Training a robot used to mean juggling four separate NVIDIA models - Cosmos Predict for world generation, Cosmos Reason for scene understanding, Cosmos Transfer for controlled output, and Cosmos Policy for action generation. Cosmos 3 collapses all four into one.
NVIDIA released Cosmos 3 on June 1 in two sizes: Nano (16 billion total parameters) and Super (65 billion total parameters). Both use a dual-pathway design where one pathway handles autoregressive reasoning - understanding text, images, and video - while the other handles diffusion-based generation, the iterative process of refining noisy data into clean output. The two pathways share a single forward pass rather than operating as separate models.
The architecture uses what NVIDIA calls Mixture-of-Transformers (MoT), which routes different modalities - text, images, video, audio, and robot action signals - through specialized parameter sets while keeping everything inside one unified model.
Six Task Modes, One Checkpoint
Cosmos 3 handles six distinct configurations from a single set of weights: text-to-video generation, video-to-text description, forward dynamics (given an action input, predict what the world looks like next), inverse dynamics (given before-and-after video, infer what action caused the change), and full policy modeling (given an image and a text instruction, output both the next video frame and the next action to take).
The Nano variant runs on workstation-class hardware like the RTX PRO 6000. The Super model requires NVIDIA Hopper or Blackwell datacenter GPUs, putting it in reach of labs and companies doing large-scale synthetic data generation rather than individual developers.
Six Datasets Released Alongside
Along with the model weights, NVIDIA released six synthetic training datasets on Hugging Face: robotics simulation scenes, physical interaction data from Isaac Sim, spatial reasoning problems, digital human motion, autonomous driving scenarios, and warehouse operations footage.

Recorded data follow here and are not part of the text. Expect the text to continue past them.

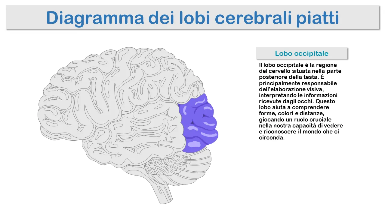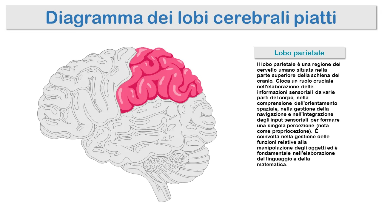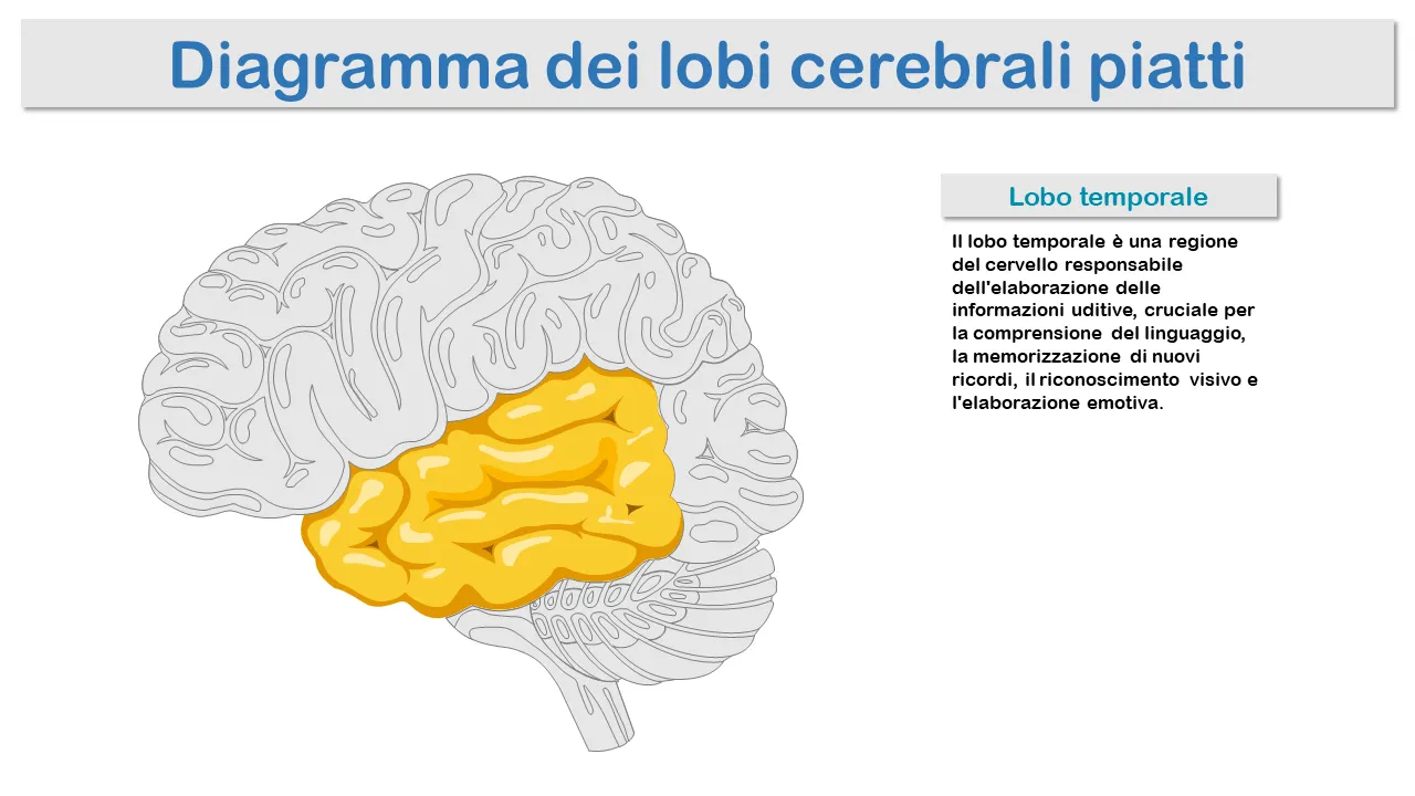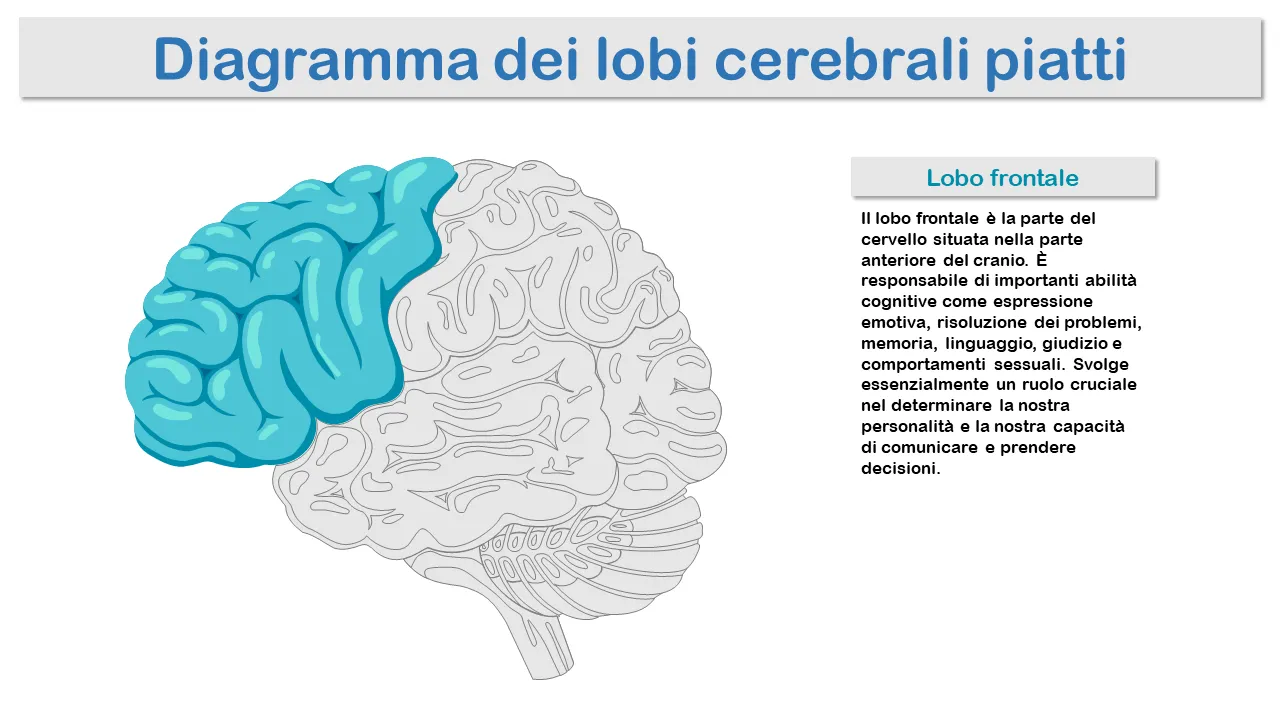 - Diagramma cerebrale in sezione trasversale pre-progettato con lobi etichettati per una rapida erogazione didattica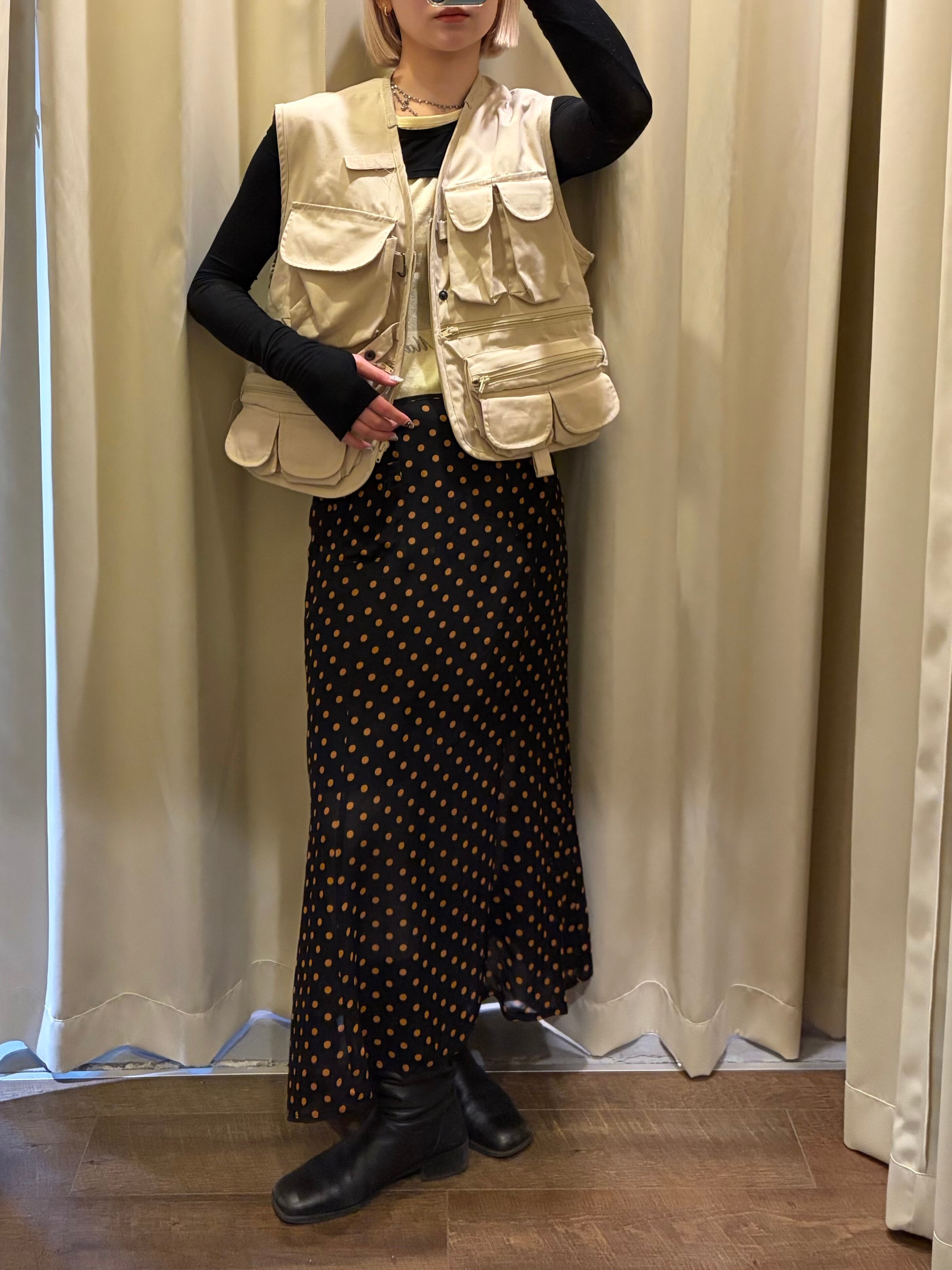 dot pattern see-through flare skirt
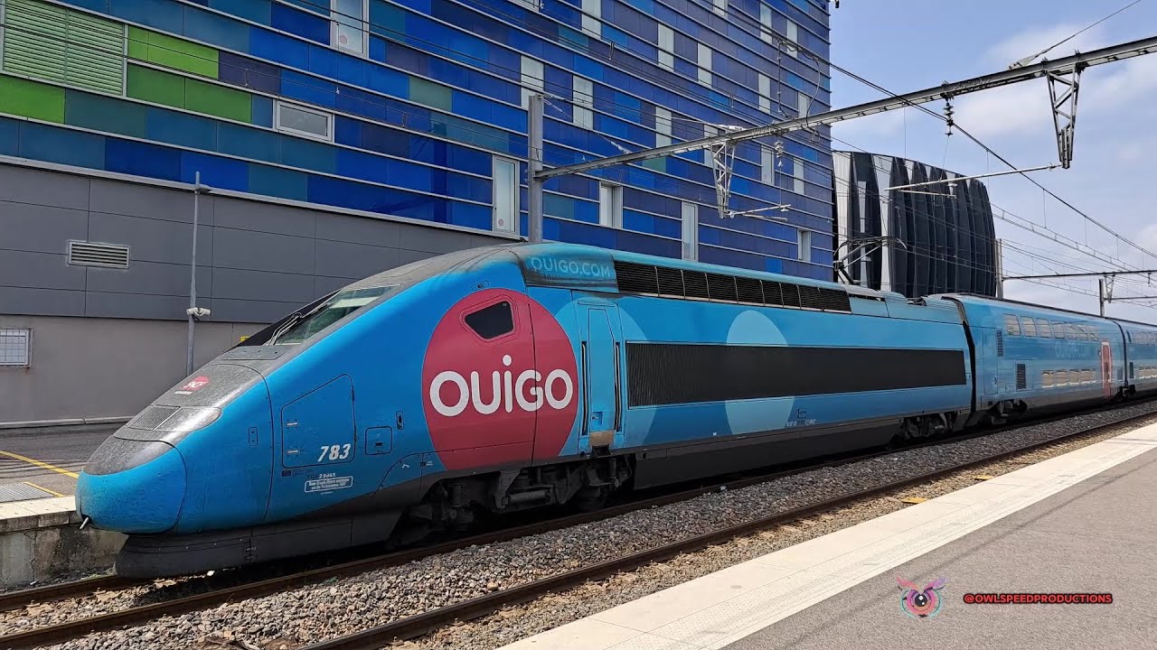 Blue double TGV Ouigo (SNCF) arriving and LIO departing - High Speed ...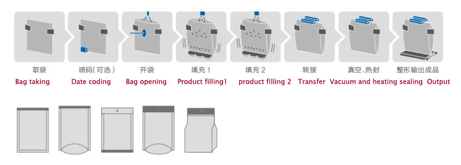 Daloy ng trabaho: bagging → petsa ng paggawa ng pag-print → pagbubukas ng bag → pagpuno 1 → pagpuno 2 → bakante → heat sealing → paghubog at output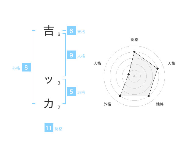 吉 ッカさんの総格は11画の4点!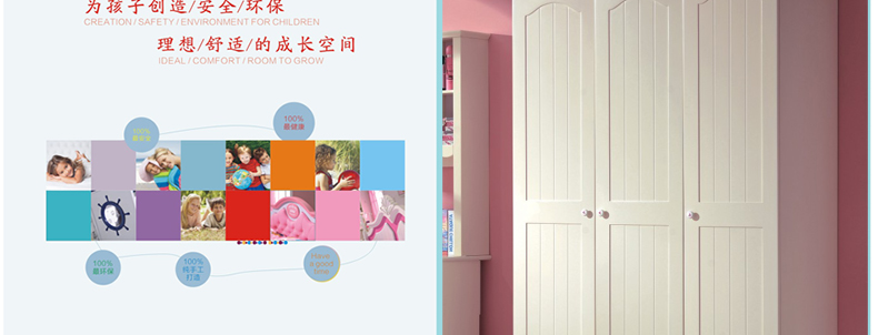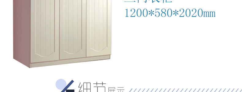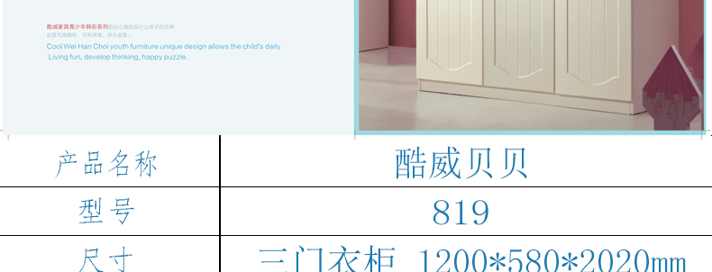 酷威贝贝儿童房大容量储物儿童衣柜经典现代储藏三门衣柜819衣柜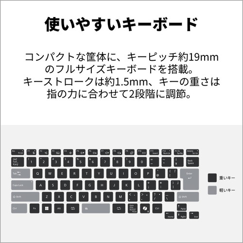 AI活用に便利な「Copilot キー」を搭載したキーピッチ約19mmのフルサイズキーボードは、キーストロークを約1.5mm、キーの重さは指の力に合わせて2段階に調整。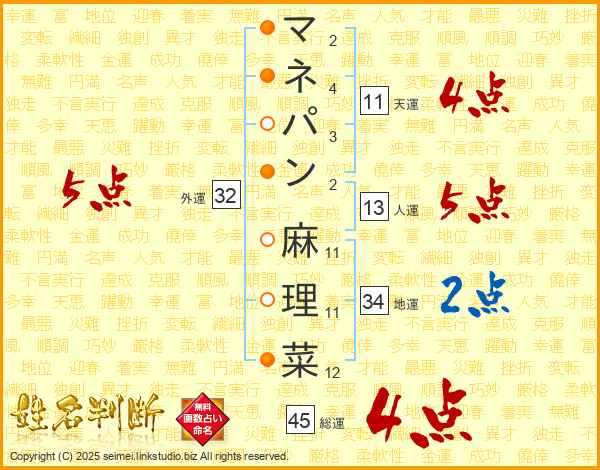 マ(2画)ネ(4画)パ(3画)ン(2画) 麻(11画)理(11画)菜(12画)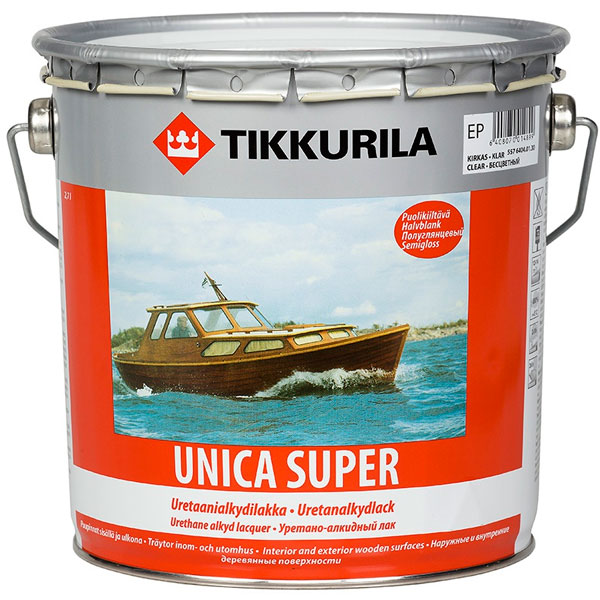 Produit résistant à l'usure, adapté pour une utilisation intérieure et extérieure. On l'appelle aussi yacht ou pont, car il est largement utilisé pour peindre les bateaux.Vernis "Unica Super" recouvrant les cadres de fenêtre, les planchers et les portes, les meubles de jardin et bien plus encore.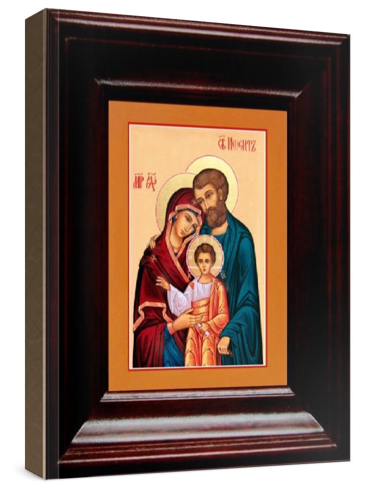 Икона святое семейство (21х24), простой киот. Лик нанесен методом шелкографии на цельную липовую доску, покрытую левкасом (специальным грунтом под живопись). Использованы минеральные (природные) краски. Размер иконы без киота (см): 13х16, с киотом: 21х24. Киот (рамка) выполнен из березы. Икона освящена.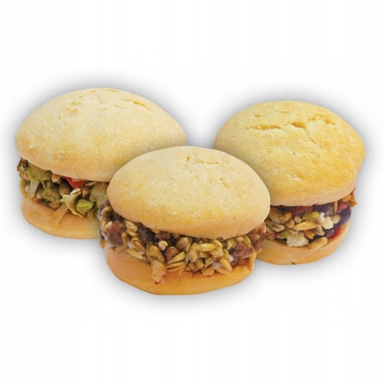 Przysmak uzupełniający dietę, w formie pszennej bułeczki wypełnionej najlepszymi ziarnami zbóż i kawałkami owoców, warzyw i orzechów. Dostarcza naturalnych witamin, minerałów i pektyn.

These are intended as fine-tuning datasets - starting points for teams adapting the base model to specific robots, environments, or tasks.
The model integrates into Hugging Face Diffusers via Cosmos3OmniPipeline, and post-training scripts are available in the Cosmos Framework GitHub repository. A full technical paper is available from NVIDIA Research.
For robotics and autonomy teams, the practical argument is real: maintaining four model checkpoints, coordinating their inputs and outputs, and paying inference costs four times over is operationally expensive. Whether a single omni-model actually matches four specialized ones at each subtask is the harder question, and that will take production deployment to answer.